YOUR SOLIN GENERATED RECIPE
Creamy Coconut Chickpea Curry Stew
Enjoy a warming bowl of creamy coconut chickpea curry stew, featuring hearty chickpeas and protein-rich tofu simmered in a vibrant blend of spices, light coconut milk, and tomatoes, finished with fresh spinach. This dish offers a rich, comforting flavor profile with a creamy texture and aromatic spices.
INGREDIENTS
1 cup Chickpeas (cooked)
250 grams Firm Tofu
1/2 cup Light Coconut Milk
1/2 cup Diced Tomatoes
1 cup Spinach
1/2 small Yellow Onion
2 cloves Garlic
1 teaspoon Fresh Ginger
1/2 teaspoon Olive Oil
1 teaspoon Turmeric Powder
1 teaspoon Ground Cumin
1 teaspoon Ground Coriander
1/2 cup Vegetable Broth
PREPARATION
Drain and rinse the cooked chickpeas if using canned, and cut the firm tofu into cubes.
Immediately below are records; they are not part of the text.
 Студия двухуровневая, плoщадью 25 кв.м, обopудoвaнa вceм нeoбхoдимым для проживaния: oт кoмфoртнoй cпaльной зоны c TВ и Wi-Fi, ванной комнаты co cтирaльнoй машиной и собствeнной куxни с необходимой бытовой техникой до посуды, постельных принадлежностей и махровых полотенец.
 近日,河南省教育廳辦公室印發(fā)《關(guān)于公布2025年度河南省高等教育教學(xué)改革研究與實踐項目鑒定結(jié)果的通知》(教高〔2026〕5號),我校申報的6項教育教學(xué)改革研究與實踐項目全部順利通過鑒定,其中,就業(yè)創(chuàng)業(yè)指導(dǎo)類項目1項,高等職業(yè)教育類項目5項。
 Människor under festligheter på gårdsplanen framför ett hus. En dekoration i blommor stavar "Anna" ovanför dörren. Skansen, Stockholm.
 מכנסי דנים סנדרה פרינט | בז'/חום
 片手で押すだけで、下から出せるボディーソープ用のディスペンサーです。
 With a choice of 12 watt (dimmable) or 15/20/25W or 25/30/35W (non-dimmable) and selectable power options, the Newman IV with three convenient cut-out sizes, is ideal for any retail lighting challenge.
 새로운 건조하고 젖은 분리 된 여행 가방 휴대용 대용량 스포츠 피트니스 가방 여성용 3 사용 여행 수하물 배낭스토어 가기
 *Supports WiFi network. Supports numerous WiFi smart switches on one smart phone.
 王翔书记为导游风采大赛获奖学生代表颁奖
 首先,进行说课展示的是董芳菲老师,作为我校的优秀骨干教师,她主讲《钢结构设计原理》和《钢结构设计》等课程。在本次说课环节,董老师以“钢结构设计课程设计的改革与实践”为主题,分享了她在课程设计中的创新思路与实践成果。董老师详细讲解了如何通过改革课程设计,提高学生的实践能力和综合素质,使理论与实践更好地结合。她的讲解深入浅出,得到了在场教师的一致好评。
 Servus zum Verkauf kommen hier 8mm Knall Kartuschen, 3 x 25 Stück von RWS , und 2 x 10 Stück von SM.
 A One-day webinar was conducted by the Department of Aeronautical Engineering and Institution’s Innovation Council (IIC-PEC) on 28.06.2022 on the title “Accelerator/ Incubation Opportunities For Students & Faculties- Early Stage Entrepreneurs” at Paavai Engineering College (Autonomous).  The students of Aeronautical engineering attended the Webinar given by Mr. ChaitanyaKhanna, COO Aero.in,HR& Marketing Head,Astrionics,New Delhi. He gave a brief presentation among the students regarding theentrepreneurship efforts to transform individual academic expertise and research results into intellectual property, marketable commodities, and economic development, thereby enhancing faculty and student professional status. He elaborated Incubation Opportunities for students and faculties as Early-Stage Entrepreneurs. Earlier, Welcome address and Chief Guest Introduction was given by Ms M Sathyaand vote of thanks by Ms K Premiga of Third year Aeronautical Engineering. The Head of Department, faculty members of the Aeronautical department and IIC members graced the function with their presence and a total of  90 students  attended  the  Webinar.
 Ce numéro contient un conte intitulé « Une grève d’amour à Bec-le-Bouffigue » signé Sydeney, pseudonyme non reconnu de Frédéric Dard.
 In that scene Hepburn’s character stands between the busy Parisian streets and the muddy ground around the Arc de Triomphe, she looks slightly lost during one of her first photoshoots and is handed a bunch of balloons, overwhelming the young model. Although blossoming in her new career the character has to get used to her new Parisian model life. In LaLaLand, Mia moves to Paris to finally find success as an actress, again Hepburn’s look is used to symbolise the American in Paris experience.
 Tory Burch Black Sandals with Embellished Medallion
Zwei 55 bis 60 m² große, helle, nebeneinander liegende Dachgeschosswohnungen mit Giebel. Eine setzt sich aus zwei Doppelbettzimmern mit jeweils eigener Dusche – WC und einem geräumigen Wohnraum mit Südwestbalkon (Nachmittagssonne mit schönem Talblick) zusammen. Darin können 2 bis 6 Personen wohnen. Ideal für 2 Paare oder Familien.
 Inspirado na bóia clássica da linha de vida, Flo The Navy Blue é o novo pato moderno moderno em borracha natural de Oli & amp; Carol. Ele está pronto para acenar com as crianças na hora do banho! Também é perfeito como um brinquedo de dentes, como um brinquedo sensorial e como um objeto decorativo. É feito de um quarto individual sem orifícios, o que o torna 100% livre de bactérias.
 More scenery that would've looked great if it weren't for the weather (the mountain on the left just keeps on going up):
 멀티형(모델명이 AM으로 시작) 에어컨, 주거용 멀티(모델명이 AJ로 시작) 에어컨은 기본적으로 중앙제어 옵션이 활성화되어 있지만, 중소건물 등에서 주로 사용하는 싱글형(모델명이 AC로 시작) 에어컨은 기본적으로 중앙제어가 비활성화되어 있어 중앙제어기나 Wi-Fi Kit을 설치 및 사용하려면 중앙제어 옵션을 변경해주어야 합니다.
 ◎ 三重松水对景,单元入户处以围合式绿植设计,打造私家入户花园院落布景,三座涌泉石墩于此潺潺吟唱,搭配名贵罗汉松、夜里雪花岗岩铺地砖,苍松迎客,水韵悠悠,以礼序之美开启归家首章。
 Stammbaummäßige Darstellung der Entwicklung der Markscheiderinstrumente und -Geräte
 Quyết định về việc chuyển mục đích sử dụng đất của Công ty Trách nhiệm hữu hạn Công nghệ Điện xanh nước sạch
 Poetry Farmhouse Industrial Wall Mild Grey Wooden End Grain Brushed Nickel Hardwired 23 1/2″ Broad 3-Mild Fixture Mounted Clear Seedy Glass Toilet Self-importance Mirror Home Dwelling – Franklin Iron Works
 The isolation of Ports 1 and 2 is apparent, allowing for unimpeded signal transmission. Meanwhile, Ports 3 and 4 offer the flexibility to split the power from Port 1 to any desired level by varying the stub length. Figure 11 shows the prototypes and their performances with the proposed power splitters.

In a large skillet or pot, heat 1/2 teaspoon of olive oil over medium heat. Sauté the chopped onion, minced garlic, and grated ginger until the onion becomes translucent.
Add the turmeric, cumin, and coriander to the onion mixture, stirring for about 30 seconds to release their aromas.
Pour in the light coconut milk and vegetable broth, stirring to combine. Add the diced tomatoes and bring the mixture to a gentle simmer.
Gently stir in the cubed tofu and chickpeas. Allow the curry to simmer for 8-10 minutes so the flavors meld together.
Fold in the fresh spinach and simmer for an additional 2 minutes until the spinach wilts.
Taste and adjust seasonings if needed. Serve warm as a comforting meal for breakfast, lunch, or dinner.